23 Mayıs 2022 04:44

Antepli işçilerden mülteci değerlendirmesi: Birlik değiliz, birlikte eziliyoruz

Antep'te çeşitli fabrikalardan işçilerle mülteci sorununu, siyasetin gündemindeki geri gönderme tartışmasını konuştuk.

Fotoğraf: Unsplash

Paylaş

Mesut BAYLAV
Antep

Mülteci tartışması ülke gündemini sararken, Antep’te çeşitli fabrikalardan konuştuğumuz işçiler mülteciler konusunda, “Birlik değiliz, birlikte eziliyoruz” dedi. Bir işçi, “Her birimiz dört elle işlerimize sarılmış olduğumuz halde neden biz de perişanız? Birlikte eziliyoruz, birlik olmadığımız için” ifadelerini kullandı.

Yusuf Halı’da çalışan bir işçi, ülkemizdeki mültecilerin durumunun elbirliğiyle çözülmesi gereken bir problem olduğunu belirterek, “Çünkü elbirliğiyle hazırlanmış bir projenin sonucunda oluştu. Onların yaşam alanlarını bombalar, silahlarla, eğittiğimiz paralı askerlerle, Radikal İslamcılar ve cihatçı gruplarla altüst ettik. Birçok amaca hizmet etti bu aşağılık büyük kurgu. Suriye'nin petrolleri, verimli zeytinleri, arazileri iç oldu. Oradan ülkemize gelen misafirler işveren için ucuz iş gücü sağladı. En fakir muhitlerde yaşayan insanlar fahiş fiyatlarla onları kiracıları yaptı, ne de olsa çocuklarını güvenli bir çatı altına almak her anne babanın önceliğiydi” dedi.

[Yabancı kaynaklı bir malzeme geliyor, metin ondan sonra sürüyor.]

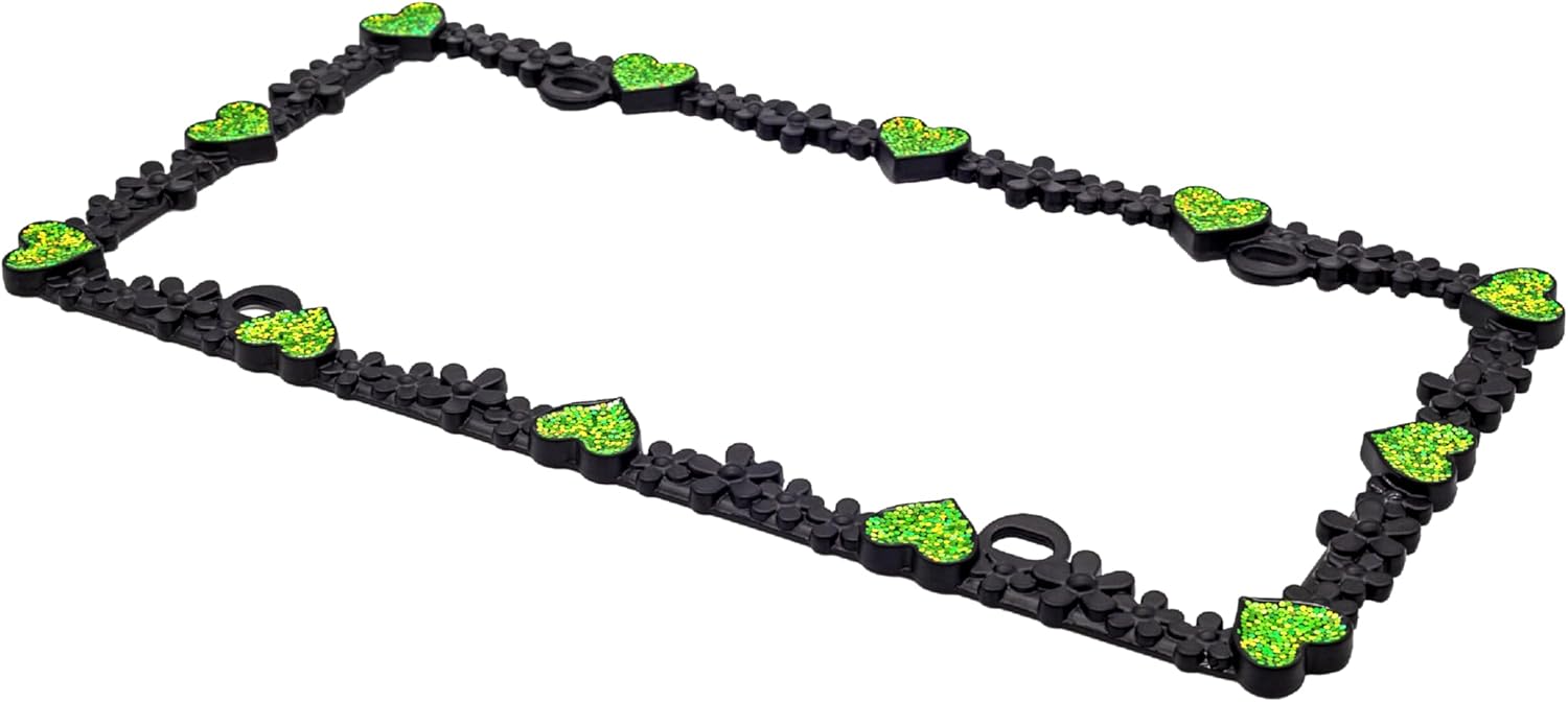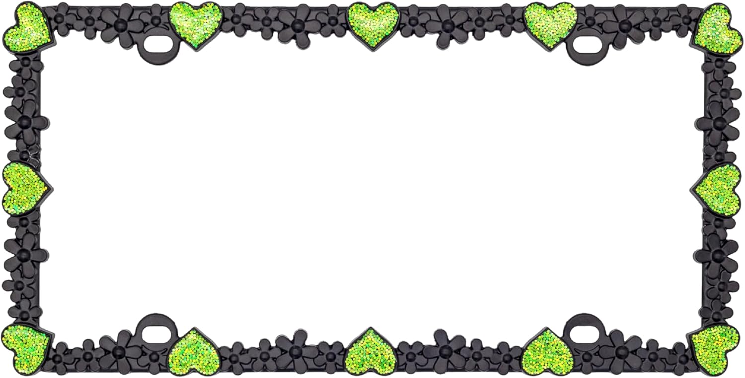 Creathome 3D Shining Daisy Heart License Plate Frame from Pure Zinc Alloy Metal Perfect Plate Holder, Matt Black with Green Glitter, Luminously Heart

Ağır şartlar altında karın tokluğuna çalıştırılmaları için zeminin de hazırlandığını söyleyen işçi yaşananları şöyle ifade etti: “Onlar çocuklarının geçimi, sağlığı, eğitimiyle uğraşadursun memleketleri, toprakları elden gidiyor. Elimizle yıktığımız bir insanlık enkazının altında kokuşmuş vaziyetteyiz. Ne yazık ki gücümüz bu olayların kurbanına yettiği için hepimiz onları suçlayıp aşağılıyoruz. Kara bir düzenin içerisindeyiz, her şeyimiz yağmalanıyor, emeğimizin karşılığı elimize konar konmaz alınıyor avucumuzdan. Çünkü hepimizin ciddi suni gündemleri var, onlarla oyalıyorlar. Haydi diyelim ki Suriyeli mülteciler vatanını terk etti diye ‘reziller’, ya biz vatanımızdayız, her birimiz dört elle işlerimize sarılmış olduğumuz halde neden biz de perişanız? Birlikte eziliyoruz, birlik olmadığımız için.”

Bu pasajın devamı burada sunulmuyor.